Cervical remodeling is the process by which the cervix is transformed to open sufficiently during birth.

Dr. Mala Mahendroo, Associate Professor of Obstetrics and Gynecology at the University of Texas, explains: "Premature cervical remodeling can occur by more than one mechanism and is not necessarily an acceleration of the physiologic process in term labor. Depending on the cause of preterm birth, that mechanism can vary."

The study has been selected by the Faculty of 1,000--an international group of more than 10,000 leading scientists and researchers--to be in its top 2 percent of published articles in biology and medicine.

Previous studies had suggested that in term and preterm labor, white blood cells flow into the cervix and release enzymes that break down tissue support and remodel the cervix, allowing a baby to pass through the birth canal. That is only half-right, researchers reported.

"The immune system or inflammatory response is sufficient to cause cervical ripening, but it's not absolutely necessary for it to happen," said Dr. Brenda Timmons, a research scientist in obstetrics and gynecology and co-lead author of the study.
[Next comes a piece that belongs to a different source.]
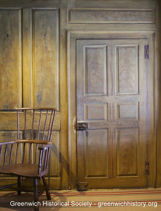 Detail of paneling and door in the north wall of Justus Luke and Sally Bush's bedroom (room 203) in the Bush-Holley House and the Windsor chair next to the door. The paneling and door were painted bird's eye maple wood grain by Justus Luke, circa 1830, over the original blue painted finish.Collection

Nearly 13 percent of all births in the United States are preterm. Premature infants can suffer respiratory distress, intraventricular hemorrhage, and even cerebral palsy. Identified risk factors for preterm birth include smoking, alcohol consumption, advanced maternal age, genetics, cervical insufficiency, previous preterm birth, and infection.

"In about half of all preterm births, the cause is unknown. It's critical to determine the multiple causes of preterm birth so that effective therapies can be developed for each kind," said Dr. Roxan'e Holt, a maternal-fetal medicine fellow and co-lead author of the study. "When patients present in preterm labor, we don't have a lot of therapy to stop the labor," she added.

(Source: Endocrinology, June 2011.)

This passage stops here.